Be Kind Rewind

Apr 6, 2009 at 1:05 AM
When I was 14, a grown woman who totally didn't know me called me all kinds of terrible things, callling my slutty long before I'd even thought about it. Calling me evil before I'd even chosen a path in life. I was still a kid, really, and she called me the most terrible things she had words for. If she had believed in demons, she'd have called me one of those.

Her name was Sidney, and she did everything she could to wreck my life.

I remember her irrational hatred so well. I just made her hate me somehow by simply existing. She got me kicked out of my classes, out of everything she could. Literally everything. She went out of her way to convince people I was evil and a problem everywhere I went for about a year.

At the time, I simply though she didn't like me, I guess. Or that maybe there really was something terrible that I had done without realizing it. But no. I was trying hard, and when I finally gave up fighting it, she won. I left town. I went on the road for a while and when I came back at 16, I never ran into her again. I don't know where she ended up, but I personally hope it was somewhere she deserved. I lost a good boyfriend, a good job, a good place, and a year of my life to her hatred. And the fingers of her lies and the problems she made for me continued to pound out her hatred into my life for about a decade afterwards.

I really believed the things she'd said about me, at the time, I really wondered whether I could be as bad as she said I was. I didn't know what some of the nasty things she called me meant, but I wondered all the same what she saw that I didn't.


Just recently I remembered that all this started the day that I met her son, Sam. He was also my age and had expressed a crush on me, and I'd demured.

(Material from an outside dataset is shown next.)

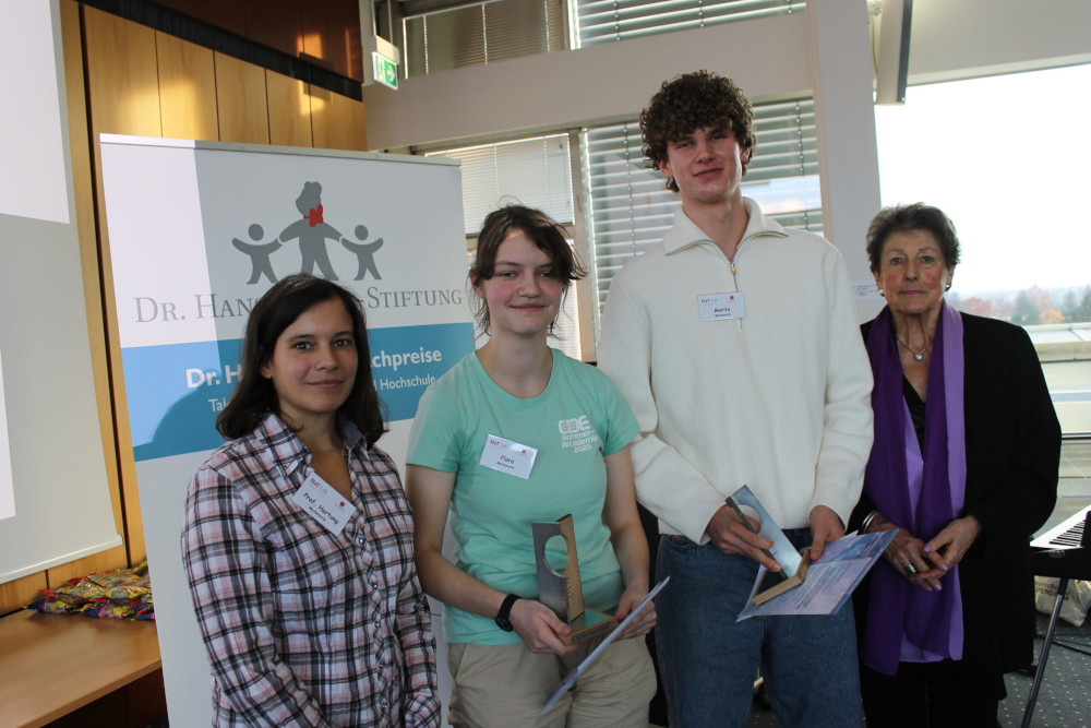 Am 16.11.25 durfte Flora den Preis gemeinsam mit ihrer Familie und ihrer betreuenden Lehrkraft, Herr Gondring, im Senatssaal der Naturwissenschaftlichen Fakultät in Mainz entgegennehmen. Sie darf sich über ein Preisgeld in Höhe von 600 € und die Aufnahme in den MINT-Tank, ein Netzwerk der Dr. Hans Riegel-Fachpreise zur Förderung des Wissenschaftsnachwuchses, freuen.

She threw my whole life into a spin for a lost crush? Maybe.

Is it possible that the whole problem was that I simply didn't like her son in return? When I recognized that, a whole BUNCH of things started to line up and make sense.

Plus I realized a few years too late that she'd known my older sister and they'd hated each other long before she'd met me.

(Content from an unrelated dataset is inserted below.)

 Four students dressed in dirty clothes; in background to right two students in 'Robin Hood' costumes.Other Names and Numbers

Between those two things, somewhere, an irrational hatred formed.

I can't imagine trying to destroy someone because you don't like their family, or they don't like yours.

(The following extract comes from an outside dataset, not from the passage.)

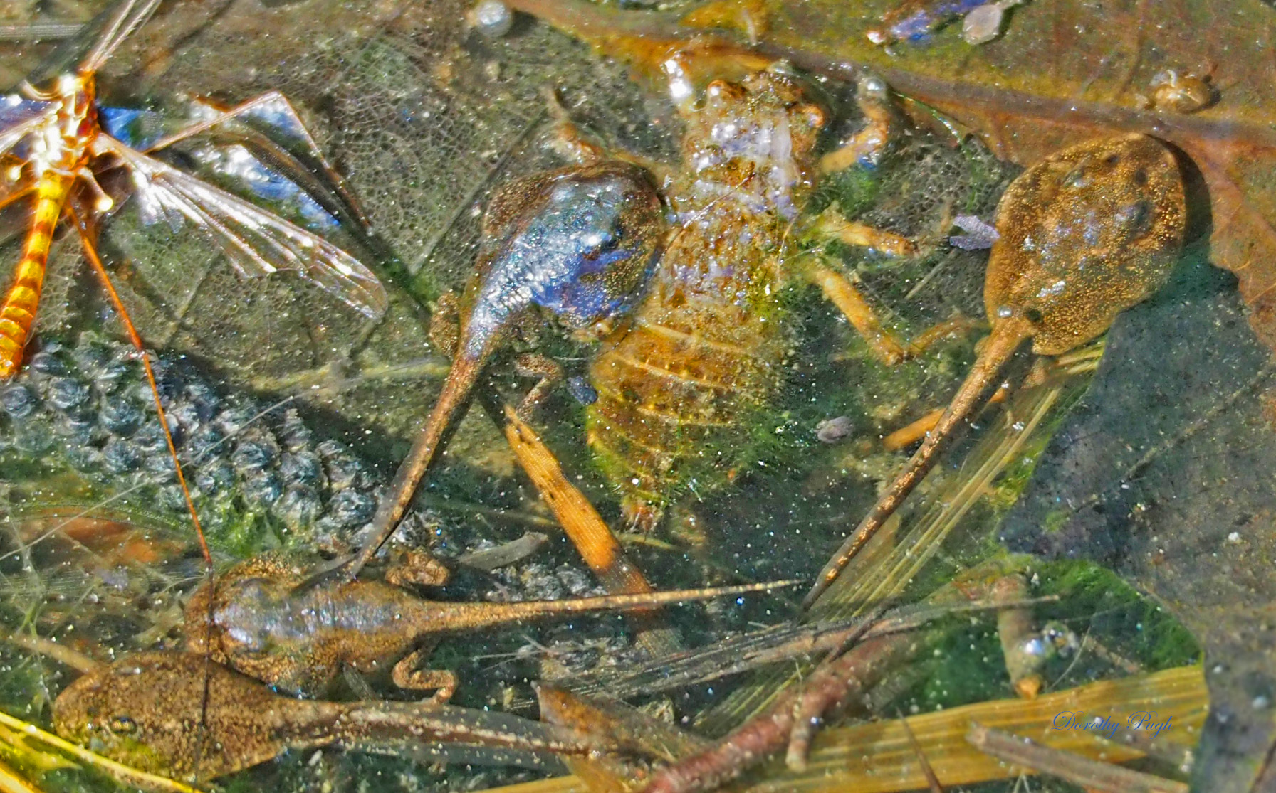 | Dragonfly nymph, with crane fly and tadpoles, Durham, NC 4/27/16 |

Amazing how huge a circle of pain one person's hatred can have. Her hatred of me had very far reaching ropes it tied into my life. It affected my future right up to present day, because of the lost opportunities and the people who hated me because of her.

When I think about my life in rewind, I realize how urgently important it is to be kind.

And to take a look at each person truthfully, without your own problems coloring your opinion of the other. And to do whatever it takes to assume that this other person might mean well and let them have a shot at doing well.

It doesn't do ME any good to wish others would have done things mroe kindly with me. Instead I simply look at how I can be kinder to others.

I know I've taken that lesson and applied it to everything I could.

But I think if I saw that woman, even today, I'd still wanna punch her. What she doesn't know is that the 14 year old me had no guts for fighting back. The 32 year old me is a whole 'nother thing.

So, maybe the moral is, be kind where appropriate, and scratch out some eyes and kick asses where it's needed?

4 comments

  1. You could always track her down and explain how she made you feel and shame her into an apology. If she doesn't then you beat the crap out of her. It's a win win situation :)

  2. Shelley Says:

    Be kind to everyone... even her, she's going to fuck herself over quite adequately.

  3. Kat Says:

    Wow, Desi. That's weird/crazy/crappy.

    I doubt she's the type that would be shamed into an apology - someone who went to those lengths? Nah...

    And a waste of time to knock her out. But fun to fantasize about.

    I can't get over it. That's just so weird.

  4. LL Cool Joe Says:

    I found your blog via Sparkling Red, so I hope you don't mind me leaving a comment?

    It's amazing the impact cruel comments that people make to us as we are growing up, can have. They never leave us, and I believe they shape who we are.

    As a parent, I try to remind myself of that when I talk to my kids. I don't always get it right but I try.

    I'm sorry you went through this.